- BRIEF -
Copy, please, the line with "The Absolute Leather" and each line that follows it through the end of the data below, exactly as given and without pictures.

- INFORMATION SUPPLIED -
┌──

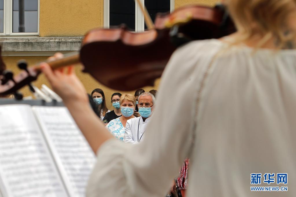 當日,羅馬尼亞首都布加勒斯特一個樂隊在該國一家傳染病醫院——馬太·巴爾什醫院演出,向抗擊新冠疫情的醫務工作者致謝。
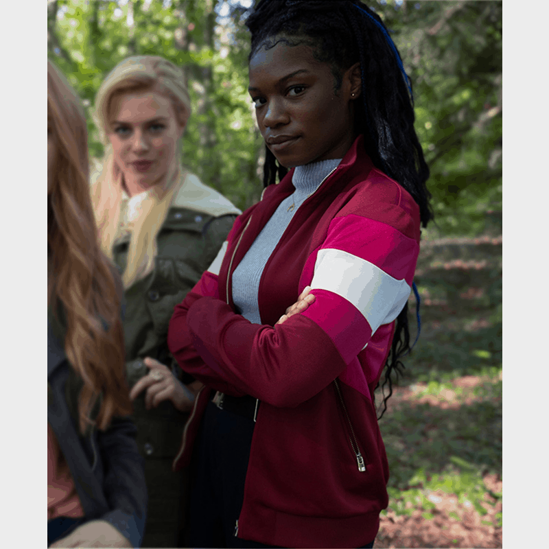 The Absolute Leather store exhibits another Outfit Aisha Fate The Winx Saga Red jacket. This jacket has composed of glossy silk or cotton material and has an up-to-date stand-up collar.
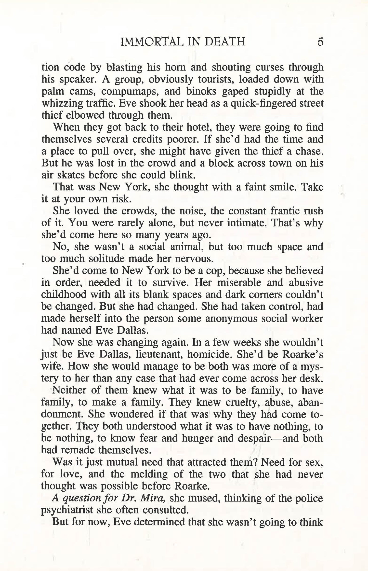 She was one of the most sought after women in the world. A top model who would stop at nothing to get what she wanted--even another woman's man. And now she was dead, the victim of a brutal murder. Police Lieutenant Eve Dallas put her life on the line to take the case when suspicion fell on her best friend, the other woman in the fatal love triangle. Beneath the façade of glamour, Eve found that the world of high fashion thrived on an all-consuming obsession for youth and fame. One that led from the runway to the dark underworld of New York City where drugs could be found to fulfill any desire--for a price...

└──

- RESULT OF THIS EXERCISE -
 The Absolute Leather store exhibits another Outfit Aisha Fate The Winx Saga Red jacket. This jacket has composed of glossy silk or cotton material and has an up-to-date stand-up collar.
 She was one of the most sought after women in the world. A top model who would stop at nothing to get what she wanted--even another woman's man. And now she was dead, the victim of a brutal murder. Police Lieutenant Eve Dallas put her life on the line to take the case when suspicion fell on her best friend, the other woman in the fatal love triangle. Beneath the façade of glamour, Eve found that the world of high fashion thrived on an all-consuming obsession for youth and fame. One that led from the runway to the dark underworld of New York City where drugs could be found to fulfill any desire--for a price...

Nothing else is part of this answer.